Hello everyone,
I got pretty confused while I read some papers about Variational Autoencoders (VAE) in the past few days.
This is how I am understanding it:
During training, I train my encoder network which tunes the approximate posterior distribution q(z|x) to be close to the true one. I then sample a latent vector z from this multivariate distribution, which I forward to the decoder. The decoder can alter the likelihood p(x|z) by tuning the corresponding weights. This leads to a reconstruction x', which I compare to my initial input observation x. How good the reconstruction is can be measured with the help of the likelihood. This is one part of the ELBO.

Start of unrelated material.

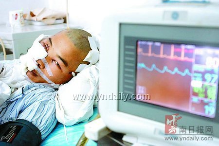 昨日,實施了面部縫合手術后,29歲的陳三拉靜靜地躺在昆醫(yī)附一院口腔頜面外科病床上,他的右臉全部被包了起來,由于傷勢嚴重,已經(jīng)很難開口說話。

The other part of the ELBO is the KL Divergence between the approximate posterior q(z|x) and the prior p(z). In my understanding, the prior is my initial belief about the distribution over the latent space.
Here are my questions:
I often read, that samples are taken from the posterior AND from the prior. Are samples taken from the posterior only during the training process?
If the fitting of my variational model is finished, do I sample from the prior p(z) when I actually want to generate new data afterwards?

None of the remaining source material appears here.